This project focuses on using hourly real-time weather data to predict air pollution levels. This problem is a classification problem, and we approached the task by classifying each hour using the models in pyspark’s MLlib. We tested many model and chose RandomForestClassifier to meet the requirements of this problem[6]. pyspark dataframe reads the dataset and fills in all missing values with means to ensure consistency of the data. Finally, we also used visualisation to explore which factors were more relevant to the classification of air quality levels and compared the performance of pyspark.ml with that of sklearn.
For this problem, we used two datasets: the hourly air quality data of Lanzhou, China, and the other is the hourly record of weather information of Lanzhou, China. These two datasets contain data from May 13, 2014, to April 18, 2020, which are 50043 hourly data records in total.
Through exploratory analysis of the data, we drew a distribution of classes, a distribution of features, a box plot of features and a heat map of correlations. By analysing these plots, we found correlations between each explanatory variable and class as well as some insignificant [7]. We also pre-processed the data to convert them into a format suitable for model input.
2. Problem Definition
In this cloud computing project, our main problem is to predict the level of air quality at that moment based on current weather information such as temperature, humidity, wind speed etc. The problem is essentially a classification problem where we output real-time feature data for each hour, and then our machine learning model makes a judgement based on the feature values to assign that moment to a specific category.
Since the characteristic values are generated in real-time and used for prediction, in order to solve the air quality classification and prediction, our model should have the characteristics of real-time, fast running, accurate results, high reliability, and high capacity for a large-scale operation, where the most serious difficulty is the running speed.
To sum up, the challanges we will face are:
- The data we use is the raw data without being processed. How should we do to make it suitable for our model?
- Data is generated and stored in real time, how should we deal with the storage and processing of large amounts of data.
- How can we improve the speed of training and prediction of models with time-sensitive results?
- Models require high accuracy of results, how should we try to improve the accuracy of our models?
And we choose to use pyspark and HDFS to deal with these challenges.
3. Data
For this problem, we used two datasets: the hourly air quality data of Lanzhou, China, and the other is the hourly record of weather information of Lanzhou, China.
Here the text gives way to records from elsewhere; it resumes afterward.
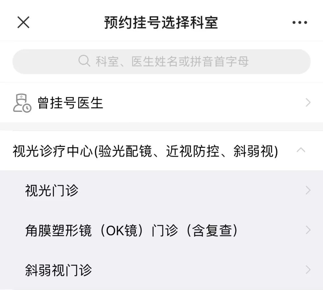 视光门诊下专设了“角膜塑形镜(ok镜)门诊”、“斜弱视门诊”等供大家选择,请根据孩子的实际情况挂号。
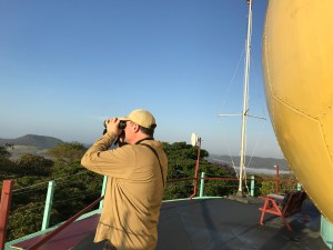 The sketcher in his happy place, dawn on the observation deck of the Canopy Tower, Panama.
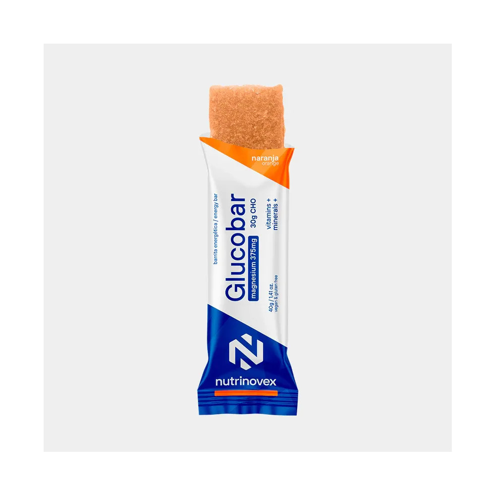 The Nutrinnovex Glucobar Orange Magnesium represents an evolution in the realm of energy bars, grounding its excellence in the use of natural fruit pulp as a base ingredient. This choice not only provides an authentic and natural flavor but also guarantees a texture that eases consumption, especially in high physical demand activities. The combination of magnesium and rapidly absorbable carbohydrates makes this bar an effective and reliable energy source, adapting to the needs of athletes during intense exercise.
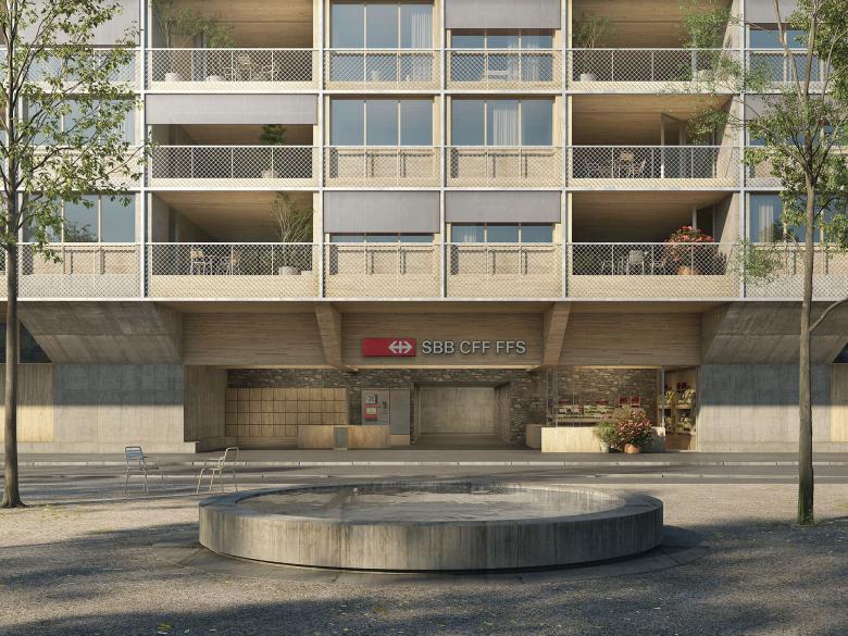 The current station building will also be given a new relationship to the street and, in the long term, will be replaced by a new building after the railroad infrastructure has been moved to the north. This will make possible a completely new, concise urban planning situation. The terrain shift from the track level to the new street level is accompanied by a retaining wall, which becomes part of the archaeology of the site. In part, the buildings stand in front of it, elsewhere the wall becomes its base. The terraced topography becomes the theme of the site.

These two datasets contain data from May 13, 2014, to April 18, 2020, which are 50043 hourly data records in total.
The hourly air quality data is obtained from the National Urban Air Quality Real-time Release Platform of China’s Environmental Monitoring Station, and the weather information came from Vitrul Crossing, a leading provider of weather data.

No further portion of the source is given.